» WORKING DATA
☆ ☆ ☆ ☆ ☆ ☆ ☆
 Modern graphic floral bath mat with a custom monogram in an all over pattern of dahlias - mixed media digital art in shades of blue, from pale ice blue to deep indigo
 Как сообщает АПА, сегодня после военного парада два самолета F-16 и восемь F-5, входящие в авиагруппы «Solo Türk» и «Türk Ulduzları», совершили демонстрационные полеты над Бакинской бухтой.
☆ ☆ ☆ ☆ ☆ ☆ ☆
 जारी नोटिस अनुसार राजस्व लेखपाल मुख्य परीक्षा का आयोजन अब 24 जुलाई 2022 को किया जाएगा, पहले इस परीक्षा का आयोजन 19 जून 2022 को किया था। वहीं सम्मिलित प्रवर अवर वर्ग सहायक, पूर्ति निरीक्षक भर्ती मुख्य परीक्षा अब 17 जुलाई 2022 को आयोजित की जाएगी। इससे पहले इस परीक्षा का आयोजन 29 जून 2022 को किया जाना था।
☆ ☆ ☆ ☆ ☆ ☆ ☆
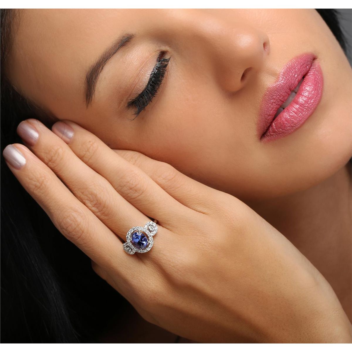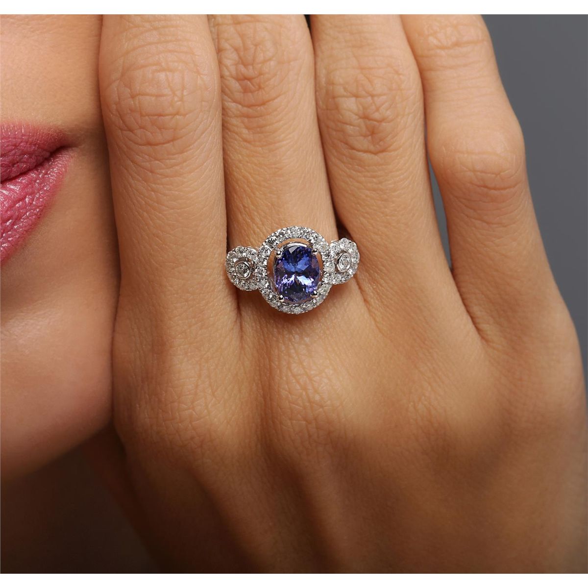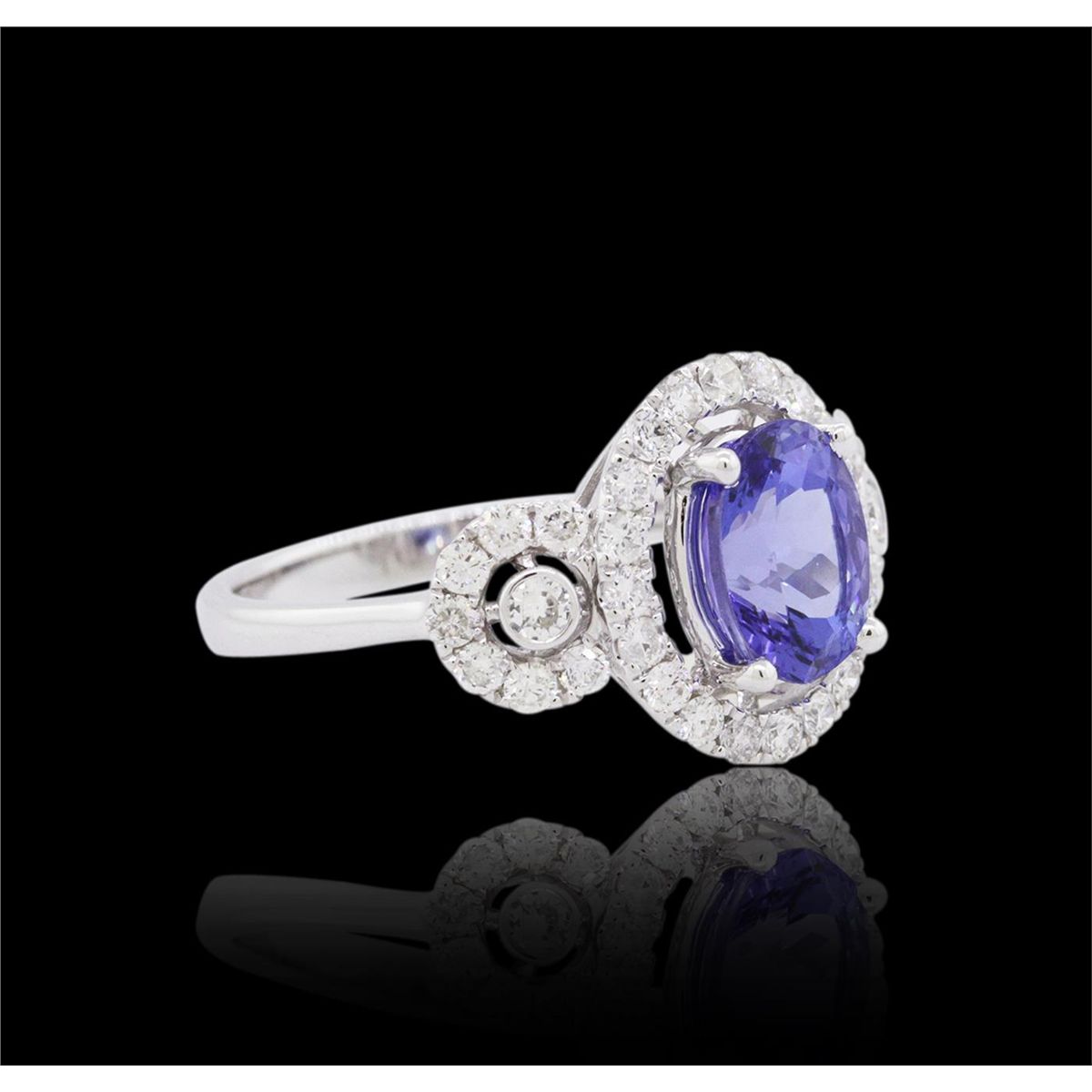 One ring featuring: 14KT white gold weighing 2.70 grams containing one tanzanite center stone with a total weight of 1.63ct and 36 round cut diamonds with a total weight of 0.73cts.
☆ ☆ ☆ ☆ ☆ ☆ ☆
» TASK GOAL
Looking at the data above, write out exactly the lines that start at the one containing "Modern graphic floral" and end at the one containing "Как сообщает АПА, сегодня"; include both and nothing beyond.

» EXERCISE OUTPUT
 Modern graphic floral bath mat with a custom monogram in an all over pattern of dahlias - mixed media digital art in shades of blue, from pale ice blue to deep indigo
 Как сообщает АПА, сегодня после военного парада два самолета F-16 и восемь F-5, входящие в авиагруппы «Solo Türk» и «Türk Ulduzları», совершили демонстрационные полеты над Бакинской бухтой.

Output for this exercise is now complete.